Hi! I noticed that if you start an OLS minimization problem from an initial point that is the optimum (so that no iterations happen), minimize crashes with (at least) DFOLS. The issue arises in the processing of results, when trying to figure out the number of iterations the problem ran for.

To Reproduce

Here is a minimal example:

import optimagic as om
import numpy as np

# A simple loss
@om.mark.least_squares
def loss(x):
    return x

x0 = np.array([0.0, 0.0])
res =  om.minimize(
    fun=loss,
    params=x0,
    algorithm="nag_dfols",
    bounds=om.Bounds(np.ones_like(x0) * -1.0, np.ones_like(x0)),
)

Expected behavior

Would have expected to still get a result object, even if no iterations occurred.
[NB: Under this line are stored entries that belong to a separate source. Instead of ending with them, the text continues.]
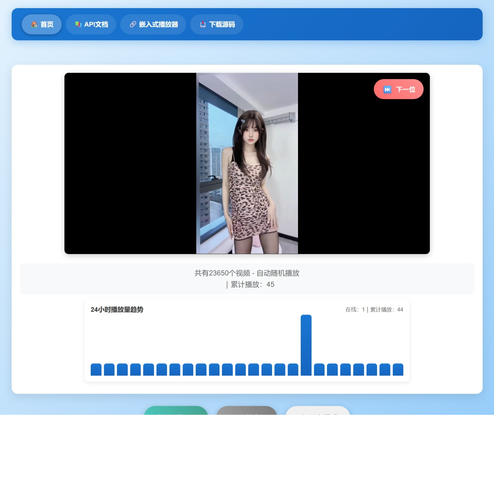 | 随机小姐姐热舞视频系统源码全新UI带后台版v5.0 自适应手机端 更新日志: 1.更新了后台功能,可以自行修改接口 2.支持对外开放API接口功能,支持json和text格式输出 3.修改网站信息,修改账号密码 4.后台统计报表重构版,支持24小时/7天/30天统计播放量 5.支持前台设置广告,可一件深色护眼爽看模式 6.加入嵌入式播放代码功能,在线播放统计,在线人数等 |
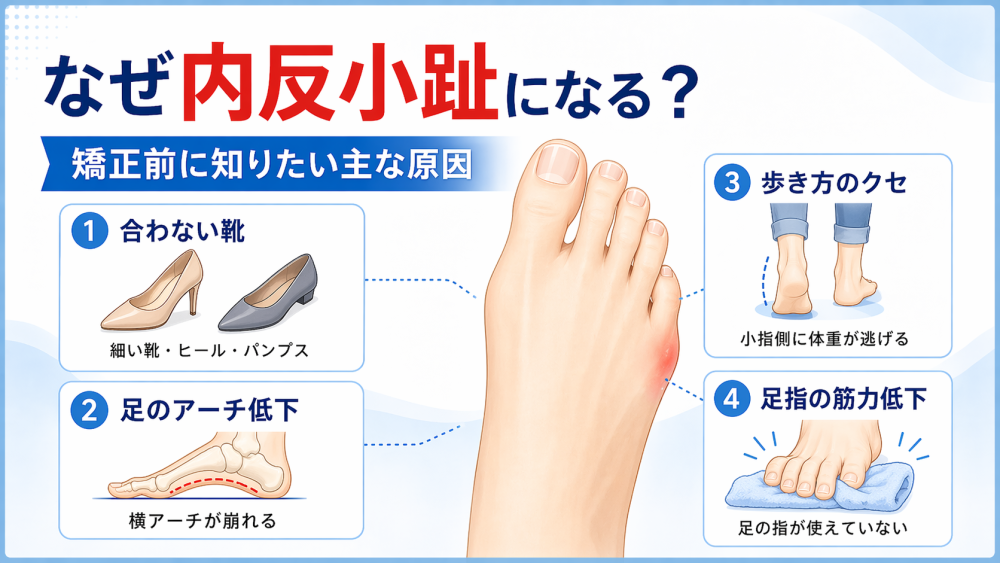 内反小趾 矯正を考えるなら、まず原因を知っておきたいところです。というのも、足の小指だけを見ていても、負担のもとが残ったままだと同じことを繰り返しやすいからです。参考記事でも、靴だけではなく、足のアーチや歩き方、足指の使い方まで関係すると言われています。
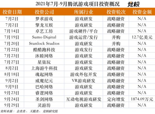 笔者整理天眼查、企查查相关资料了解到,7月-9月,腾讯对外投资事件次数分别为30、24、21,共计约75起。其中与游戏相关的项目约有15个。
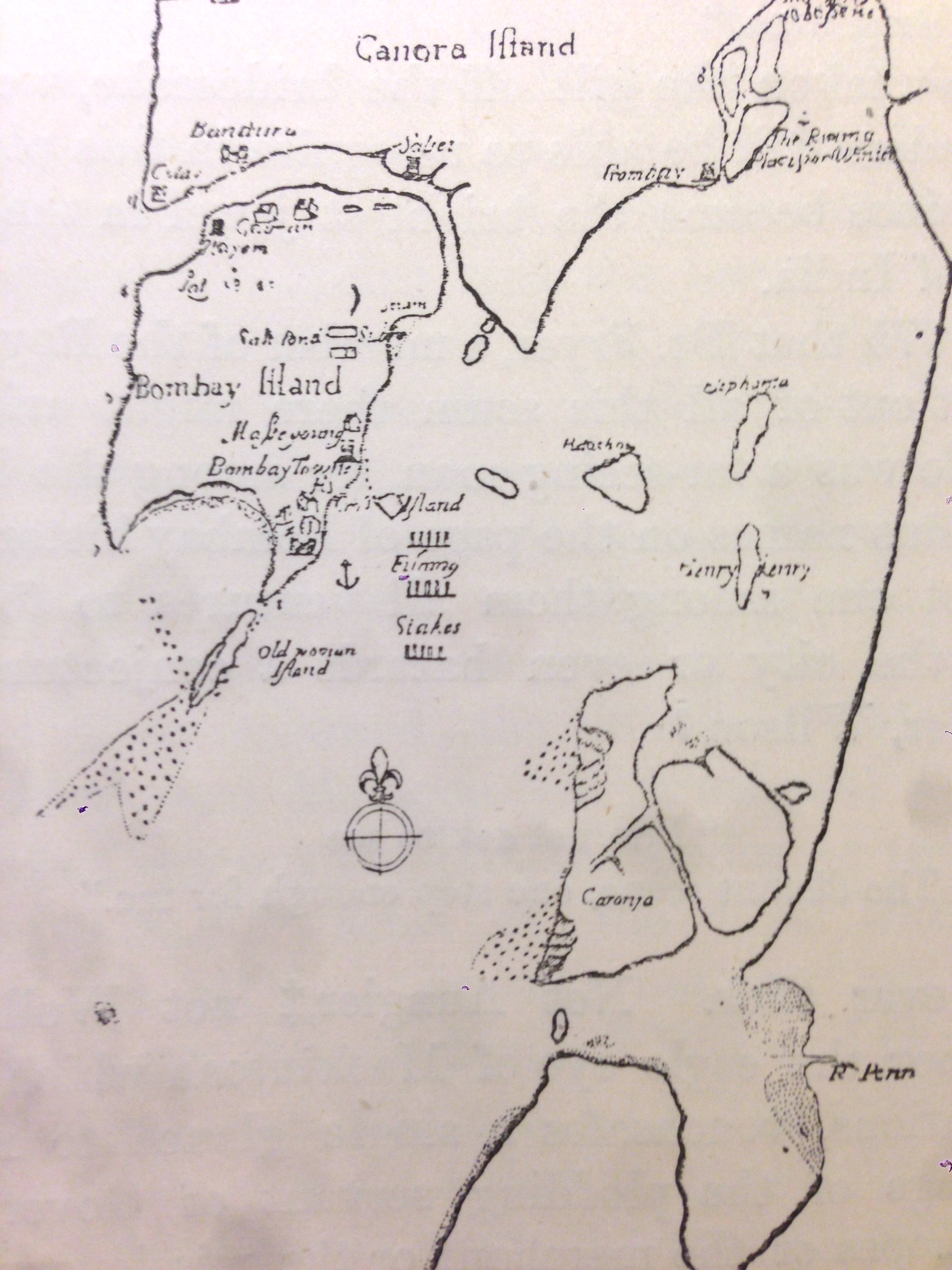 -Fryers map of Bombay, 1675 -Niebuhr's Map of Bombay 1764 -"Dickinson's Map of Bombay, 1812-16, with land reclamations since 1816" (Douglas xvi)

Screenshots/Error messages

The error is

  File "[...]\optimagic\optimizers\nag_optimizers.py", line 633, in nag_dfols_internal
    n_iterations=int(res["n_iterations"]),
                 ^^^^^^^^^^^^^^^^^^^^^^^^
TypeError: int() argument must be a string, a bytes-like object or a real number, not 'NoneType'

System

Thanks as always!

janosg commented 1 month ago

Thanks a lot for the thorough bug description! I'll have a look as soon as possible!

timmens commented 1 month ago

Hey!

I've opened a PR (#544) to fix the problem. If it's urgent, you can work with that branch. We cannot merge that PR yet because we must wait for an upstream fix from DFO-LS, as there are problems with their new version. As long as you stay below DFO-LS<=1.5.0, there should be no problem. I believe that they will push a fix relatively quickly though.